瀬戸内国際芸術祭の開催でも有名な小豆島の島内には、昔懐かしい給食メニューを銀色のアルマイト食器で楽しむことができる「二十四の瞳 映画村」があります。

給食セットを食べたあと、穏やかな瀬戸内海や昭和初期の街並み、レトロな木造校舎を眺めながら散策していると、知人の現役教師から聞いたある言葉が頭をよぎり、給食の始まりや役割について無性に知りたくなりました。

そこで今回は、給食の歴史をおさらいし、教師たちが直面する現在の給食の問題を見ていきます。最後には昔懐かしい給食や現在の給食を楽しむ方法についてもご紹介します。

給食の始まりと歴史

「二十四の瞳 映画村」教室(筆者撮影、以下同)


日本で給食が始まったのは今から130年以上も前の明治22年(1889年)、大日本帝国憲法が発布された年です。当時は貧しい家庭が多く、就学率も低かったため、山形県鶴岡町の大督寺(だいとくじ)が本堂の一部を利用して「私立忠愛小学校」を開校し、昼食を無料で提供したのが始まりとされています。

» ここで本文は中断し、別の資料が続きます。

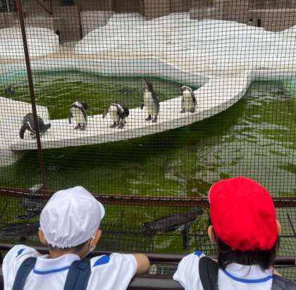 可愛らしいペンギンさんが並んでいます。なんとなく子どもたちと似ているような。。。
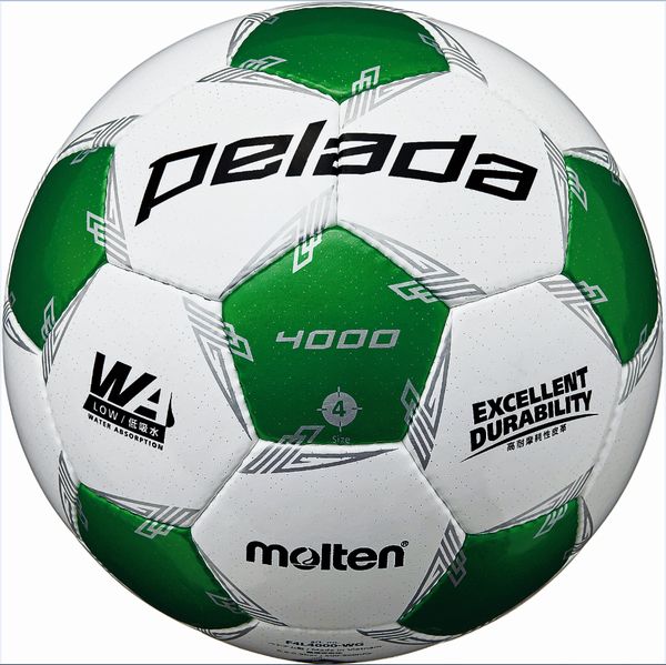 モルテン(molten) サッカーボール4号球 ペレーダ4000 品番:F4L4000WG カラー:WG:ホワイト×メタリックグリーン サイズ:4号球 素材:人工皮革、縫い チューブ素材:ブチルゴム 用途(コートサーフェス):土 特徴 縫い・人工皮革 砂防止バルブ 検定球 生産国:中国製・ベトナム製

お弁当を持ってこられない子供たちのために、お坊さんたちが家々をまわってお金やお米をもらい、おにぎりや魚、漬物などを提供したというのですから頭が下がります。

給食の実施と食糧不足による自然中止

「二十四の瞳 映画村」昭和の街並み


給食発祥の地となった「私立忠愛小学校」は、残念ながら火災によって明治30年(1897年)に焼失していますが、給食制度は寄付金などをもとに戦争によって自然中止となるまで継続されました。

また、明治40年(1907年)には、広島県大草村義務奨励会による給食の提供が行われたほか、秋田県の小学校では貧困児童のための給食がスタート。その後、貧困児童の救済や栄養改善の目的で給食は全国に広まりました。

しかし、第二次世界大戦が太平洋戦争という局面を迎えた昭和16年(1941年)、食料不足が原因で全国的に給食が中止されてしまいます。例外として、栄養不足の児童には戦時中も無償で食事が提供されたこともあったようです。